Background: When using administrative databases for epidemiologic research, a subsample of subjects can be interviewed, eliciting information on undocumented confounders. This article presents a thorough investigation of the validity of a two-stage sample encompassing an assessment of nonparticipation and quantification of the extent of bias.
Methods: Established through record linkage of administrative databases, the Québec Birth Cohort on Immunity and Health (n = 81,496) aims to study the association between Bacillus Calmette-Guérin vaccination and asthma. Among 76,623 subjects classified in four Bacillus Calmette-Guérin-asthma strata, a two-stage sampling strategy with a balanced design was used to randomly select individuals for interviews. We compared stratum-specific sociodemographic characteristics and healthcare utilization of stage 2 participants (n = 1,643) with those of eligible nonparticipants (n = 74,980) and nonrespondents (n = 3,157). We used logistic regression to determine whether participation varied across strata according to these characteristics. The effect of nonparticipation was described by the relative odds ratio (ROR = ORparticipants/ORsource population) for the association between sociodemographic characteristics and asthma.
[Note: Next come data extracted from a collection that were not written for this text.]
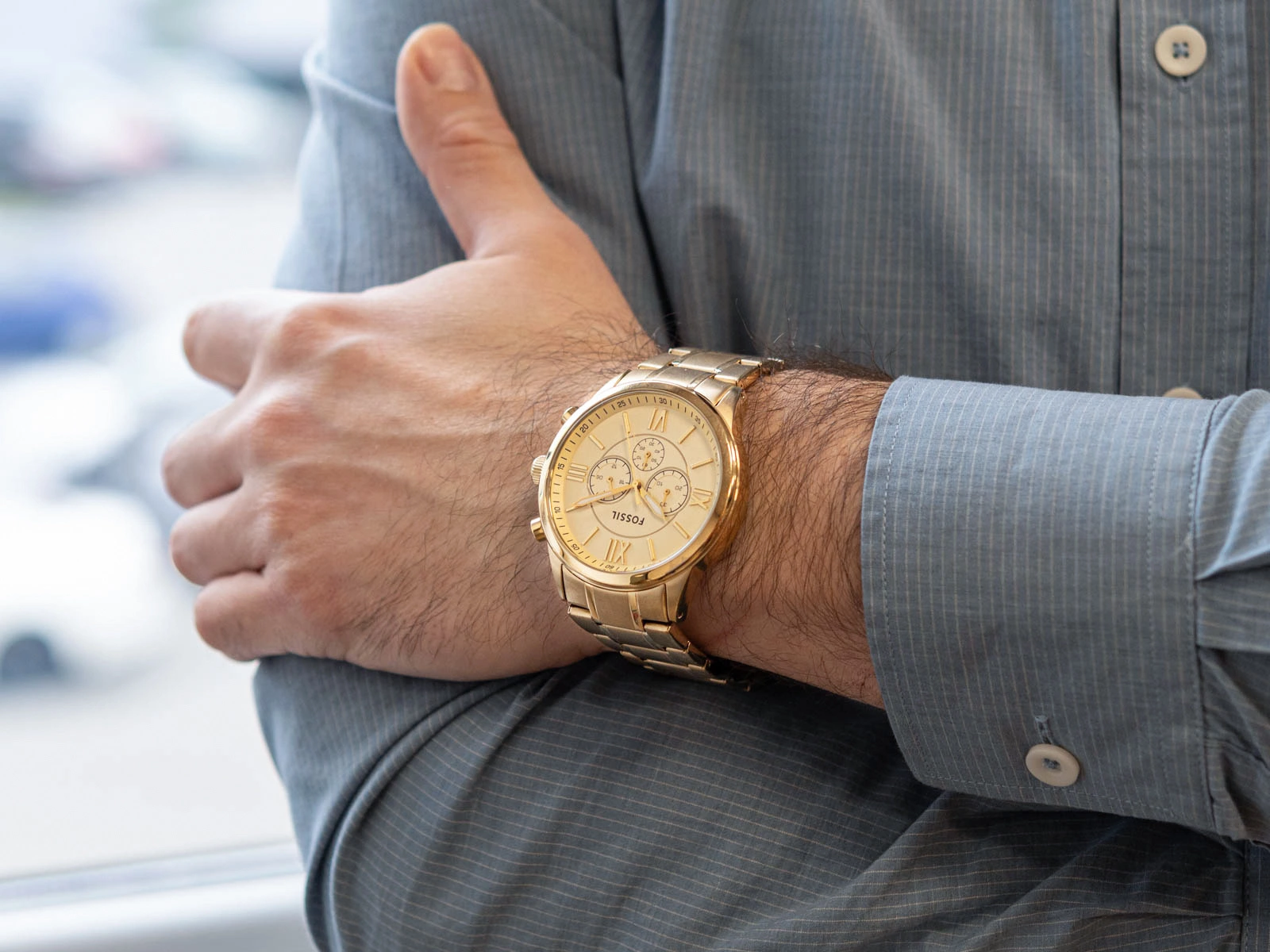 Zegarek Fossil BQ1128IE to udane połączenie klasyki z nowoczesnością. Złota kolorystyka koperty i detali nadaje mu uniwersalności – świetnie sprawdzi się w zestawieniu z garniturem, marynarką, ale także jako dodatek do mniej formalnych stylizacji. Całość zapakowana jest w oryginalne pudełko sygnowane logo Fossil, co czyni ten zegarek również doskonałym pomysłem na prezent dla mężczyzny z klasą. To idealna propozycja dla tych, którzy poszukują eleganckiego, a zarazem praktycznego dodatku do swojej codziennej garderoby.
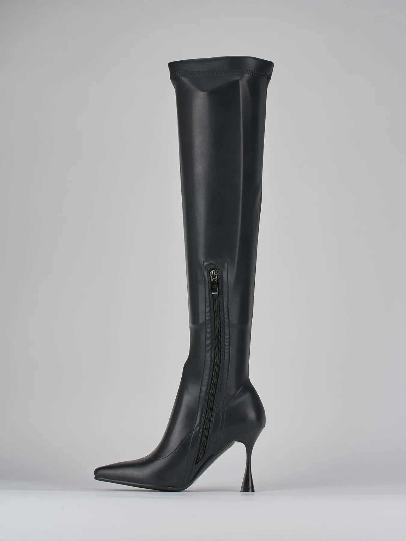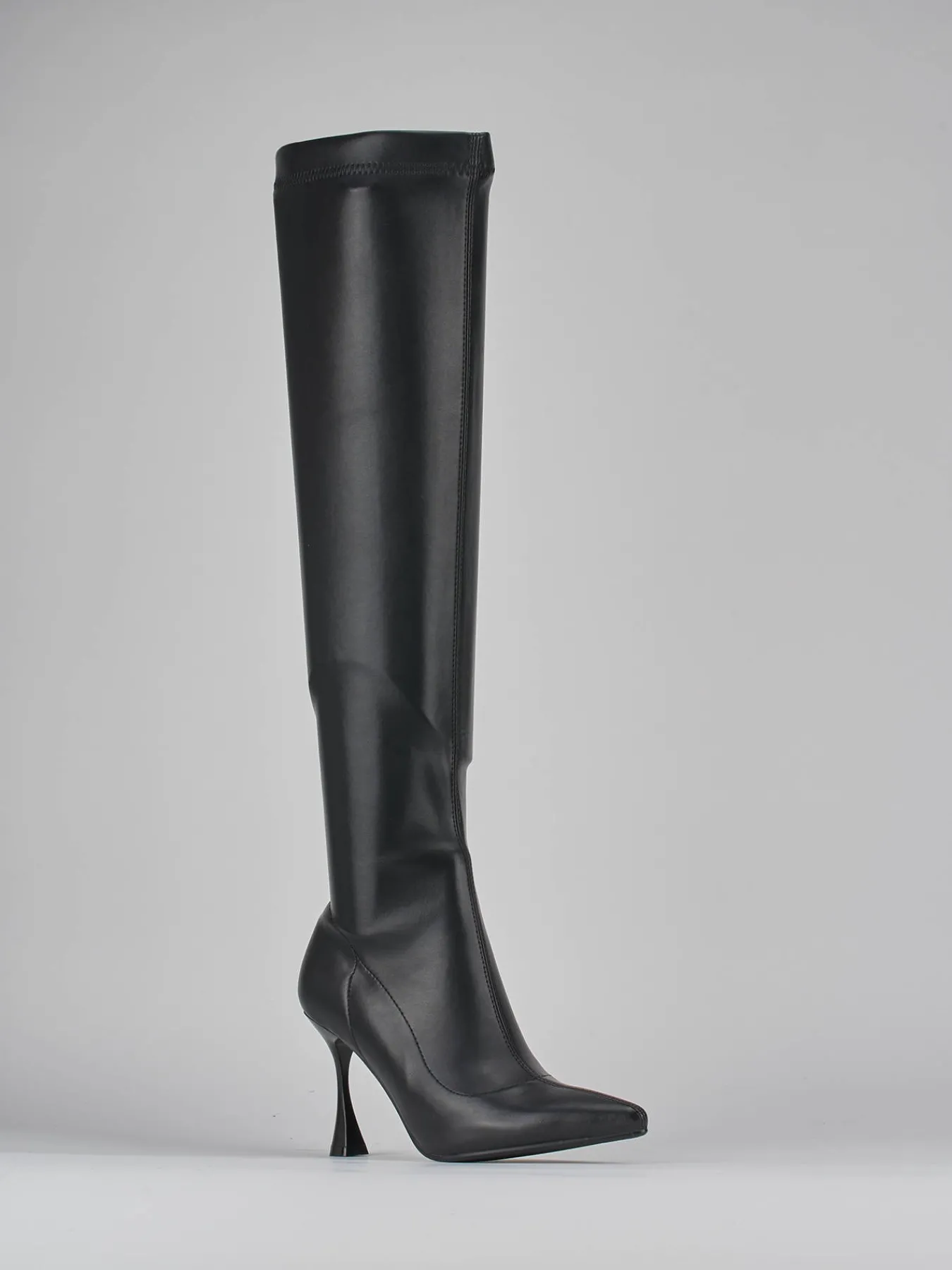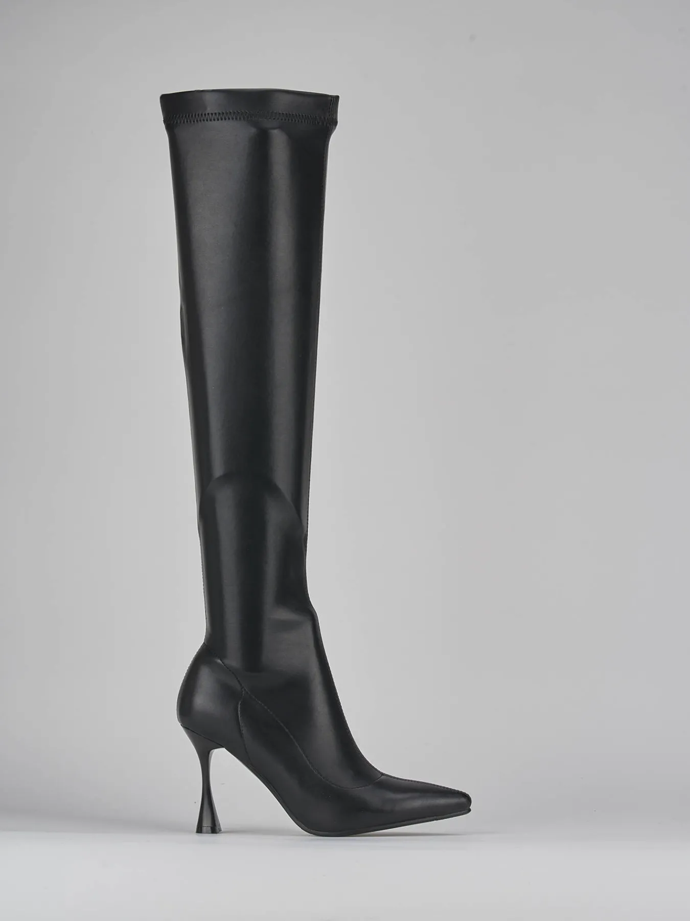 Stivale tacco 8 cm fondo in leggera gomma e soletto interno in vera pelle. Tomaia in pelle elasticizzata, punta sfilata, cuciture visibili, gambale elasticizzato aderente fino a sopra l’altezza del ginocchio, e moderno tacco a rocchetto per un look contemporaneo.
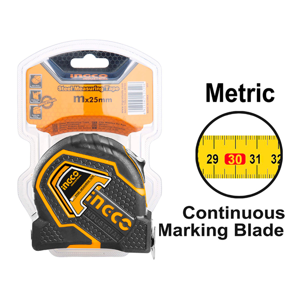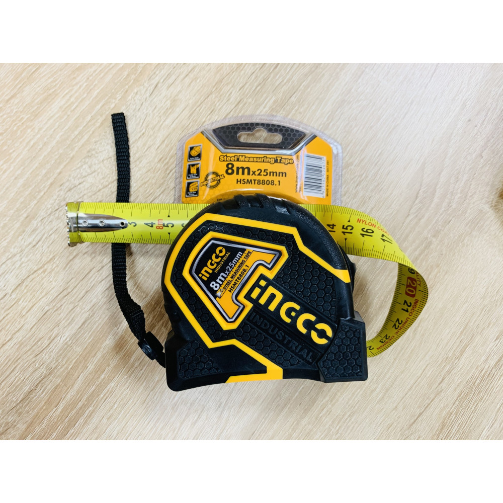 Рулетка 8х25 мм INGCO HSMT8808.1 INDUSTRIAL предназначена для замера длины во время проведения строительных или ремонтных работ.
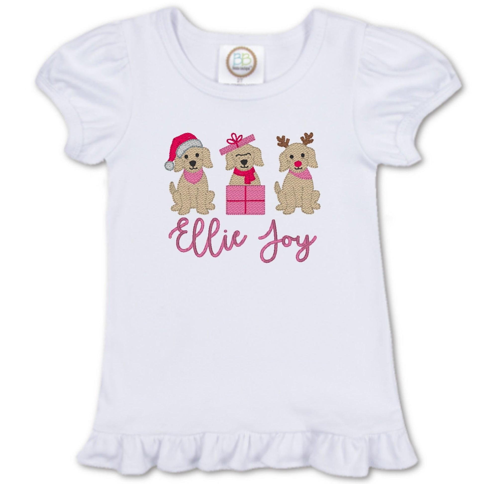 Made from soft, breathable cotton, this sweet tee features ruffled sleeves and a classic Christmas embroidery design. Add a personal touch by customizing your child’s name with your choice of font and thread color—perfect for holiday outings, family photos, and gifting.

Results: Parental age at childbirth, area of residence, family income, and healthcare utilization were comparable between groups. Participants were slightly more likely to be women and have a mother born in Québec. Participation did not vary across strata by sex, parental birthplace, or material and social deprivation. Estimates were not biased by nonparticipation; most RORs were below one and bias never exceeded 20%.
Conclusions: Our analyses evaluate and provide a detailed demonstration of the validity of a two-stage sample for researchers assembling similar research infrastructures.